Navigational Skills 4 All about Contours
By Dave Roberts
Navigational Skills 4 All about Contours
What is a contour line?
Contour lines denote the height of the land at any point along that line. So if you followed a 100m contour line around the hill, your altitude at every point would remain at 100m. That’s why traversing a hillside without loss or gain of height is known as contouring.
Depending on the maps you use, they can be at 5,10 or even 15m intervals. 5m contours are usually on maps that cover lower level areas, though the Clwydian Range explorer map is at 5m intervals. 10m is the norm on OS maps, while the strange 15m is found on Harvey maps. You’ll also have a thicker index contour at 50m on OS maps, or 75m on Harvey’s. They’re also numbered, though this can be a hit and miss affair with the numbering not always being where you need it where other have all the 10m contours numbered where others may have every other at 20, 30 and 10m intervals within 100m!
The example above is from Open Street map – but is rendered to resemble the contours on a 1:25,000 OS Explorer map.
What else are Contours good for?
Slope steepness.
Depending on how close the contours are to one another, you can determine the steepness of the slope.
The steep slope below Snowdon is exceptionally steep with the arrow distance dropping 350m (read – Cliff!) while the other arrow only falls 50m in the same distance.
Exceptionally steep ground may also feature crags on the map as well as contours being too close together to tell them apart.
Slope Type.
You can also cateogorise the slopes into three different types:
Convex Slopes. These start off shallow or gently, but steepen as you descend. The Killer Convex on the Llanberis Path of Snowdon is a perfect example.
The Llanberis path crosses a reasonably shallow area of slope, with the path often totally obscured in winter conditions. A slip here often proves fatal, as those unable to arrest their fall will continue to speed down the slope, which steepens and eventually deposits the poor soul over Clogwyn y Garnedd.
Concave Slopes conversely start off steep but peter out as you descend.
Some Slopes are just boring and uniform. Though a uniform slope can also be a shallow / gentle slope or steep.
Distinguishing High and Low ground?
Valleys and re-entrants easier to find as there’s often a stream on these and not running along top of a ridge! For the record, a re-entrant is simply an area of low ground, a valley on a smaller scale but tends to perpendicular to the ridge as opposed to the valley that’s parallel.
You can also determine the high ground from the direction that scree is drawn on the map – the large boulders are at the base of the slope, with debris drawn behind it. Crags are also drawn in such a way that once you see it, it’s obviously high ground.
Small Contour features such as ring contours.
Ring contours are usually small individual contour rings that indicate an area of elevated ground. They usually consist of no more than one ring, and the ones below show high points along a ridge.
The photo below shows the actual location – Bwlch Main on Yr Wyddfa, and what is one of the ring contours above.

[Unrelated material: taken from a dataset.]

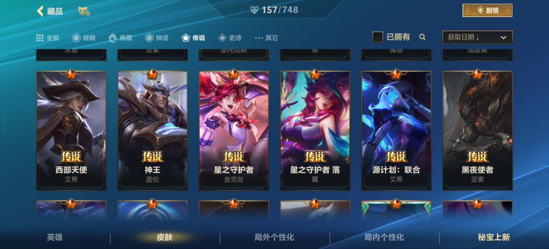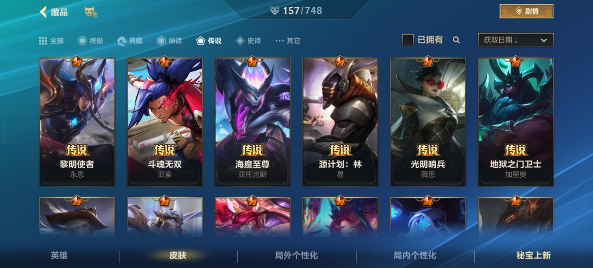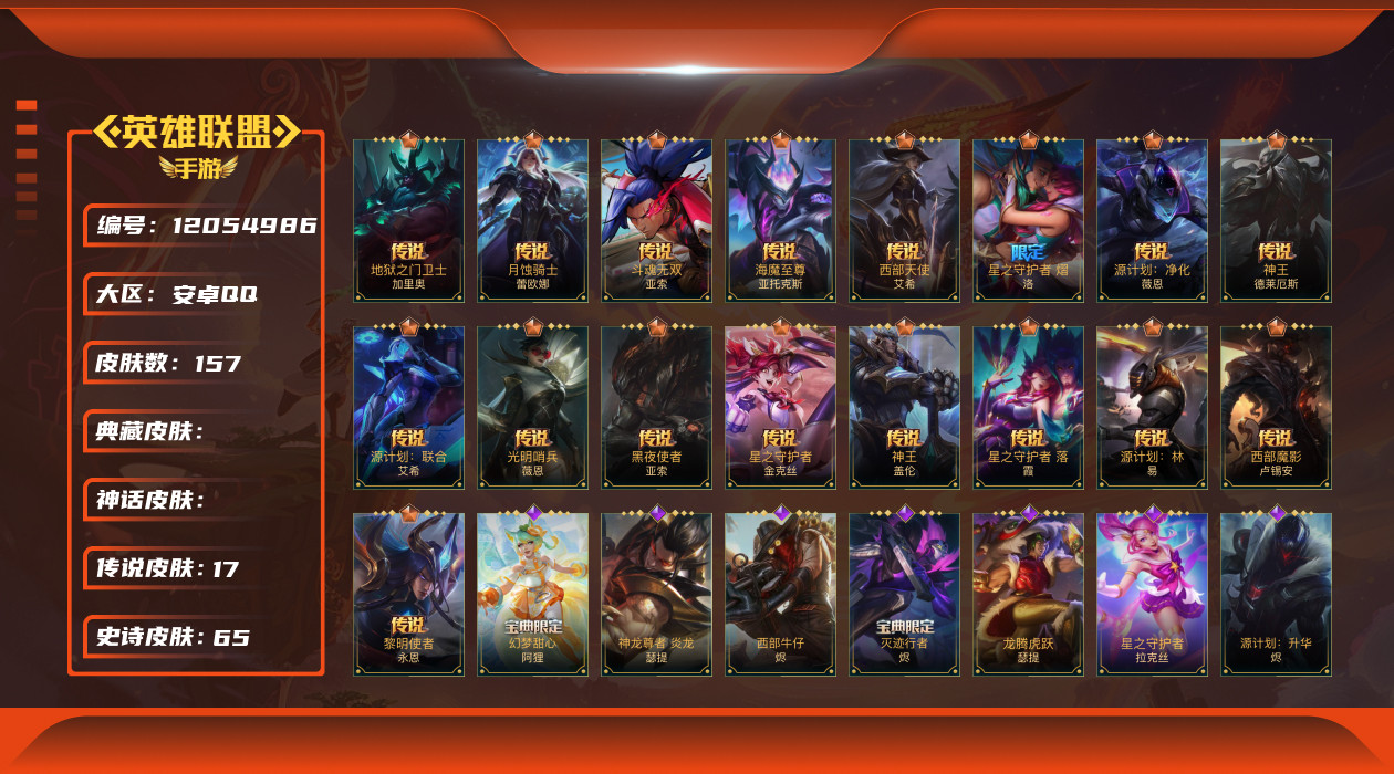 [12054986]17传说 65史诗 157皮肤 可二次 可修改实名 优质装备:光明哨兵薇恩,黑夜使者亚索,神王盖伦,神王诺手,西部魔影卢锡安,西部天使寒冰,星之守护者金克丝,星之守护者 落,星之守护者 熠,源计划:净化,源计划:联合,月蚀骑士蕾欧娜,玉剑传说 武剑仙,源计划:林,喵喵魅影金克丝 段位:翡翠 限定皮肤:星之守护者霞,星之守护者洛,山海绘卷泰坦,山海绘卷狗熊 传说皮:斗魂无双亚索,海魔至尊 亚托克斯,地狱之门卫士,黎明使者永恩

Finally, spurs and re entrants can be tiny on the map, but much more obvious on the ground. A Spur is to a ridge as a re-entrant is to a valley (no, this isn’t a MENSA test) – or defined :
A spur is a lateral ridge or tongue of land descending from a hill, mountain or main crest of a ridge (Wikipedia).
Looking at the map below- from the col (which is a term for the low bit of land between two higher ones, or a pass) – you can see there’s a spur reaching down into the valley.
You can clearly see the spur in the image below as well as the valley to the right.
We could go on, but there are so many features that we could mention that there’s just no the space here. We could mention hanging valleys, aretes and so on, but it would soon turn into a GCSE Geography lesson. For an exhaustive list – Wikipedia as usual has a list of landforms.